EXERCISE PROMPT. Take the listing below and output it exactly, with no images.

[SOURCE DATA — start]

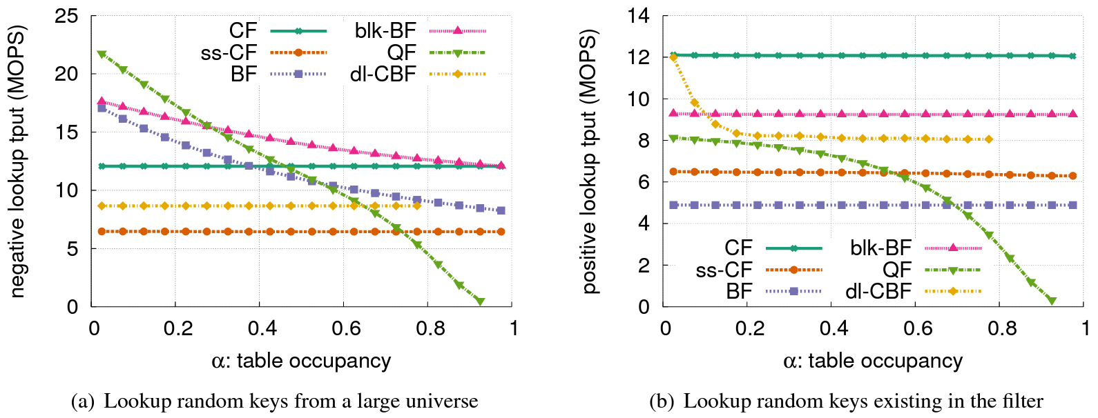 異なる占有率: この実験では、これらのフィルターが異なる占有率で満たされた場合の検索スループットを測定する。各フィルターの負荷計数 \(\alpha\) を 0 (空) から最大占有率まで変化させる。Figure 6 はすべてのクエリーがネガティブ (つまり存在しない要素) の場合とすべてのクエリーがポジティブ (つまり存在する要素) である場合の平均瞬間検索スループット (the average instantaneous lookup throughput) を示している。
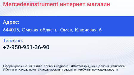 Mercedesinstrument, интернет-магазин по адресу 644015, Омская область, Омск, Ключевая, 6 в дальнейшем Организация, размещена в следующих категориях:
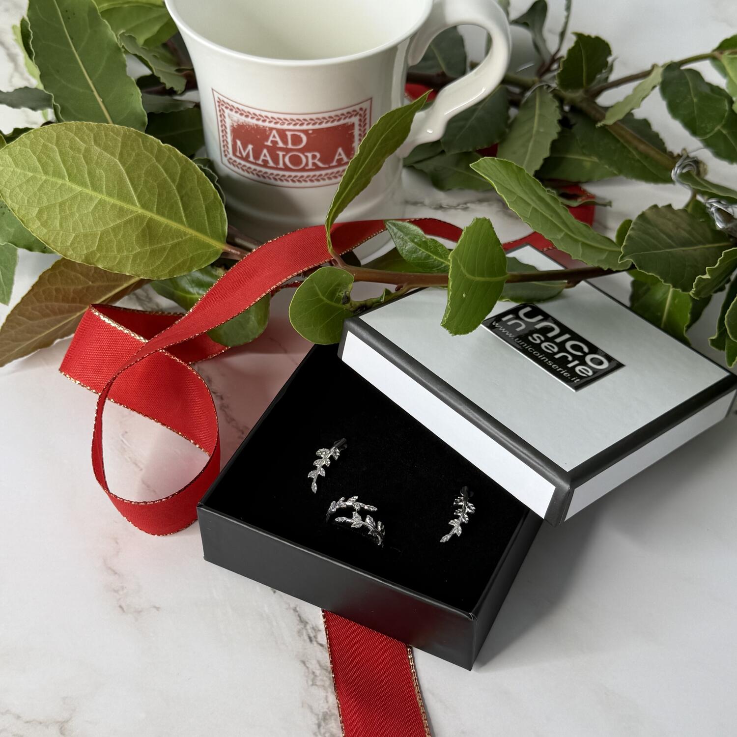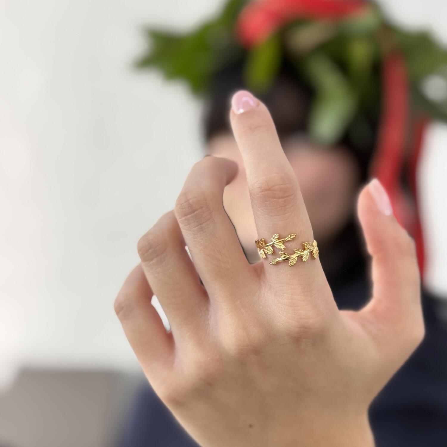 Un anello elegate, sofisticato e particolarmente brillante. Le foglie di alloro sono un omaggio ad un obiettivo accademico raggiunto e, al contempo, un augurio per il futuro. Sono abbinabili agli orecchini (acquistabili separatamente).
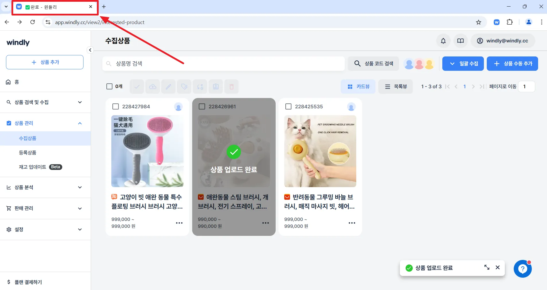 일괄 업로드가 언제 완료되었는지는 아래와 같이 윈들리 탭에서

[SOURCE DATA — finish]

EXERCISE SOLUTION.
 異なる占有率: この実験では、これらのフィルターが異なる占有率で満たされた場合の検索スループットを測定する。各フィルターの負荷計数 \(\alpha\) を 0 (空) から最大占有率まで変化させる。Figure 6 はすべてのクエリーがネガティブ (つまり存在しない要素) の場合とすべてのクエリーがポジティブ (つまり存在する要素) である場合の平均瞬間検索スループット (the average instantaneous lookup throughput) を示している。
 Mercedesinstrument, интернет-магазин по адресу 644015, Омская область, Омск, Ключевая, 6 в дальнейшем Организация, размещена в следующих категориях:
 Un anello elegate, sofisticato e particolarmente brillante. Le foglie di alloro sono un omaggio ad un obiettivo accademico raggiunto e, al contempo, un augurio per il futuro. Sono abbinabili agli orecchini (acquistabili separatamente).
 일괄 업로드가 언제 완료되었는지는 아래와 같이 윈들리 탭에서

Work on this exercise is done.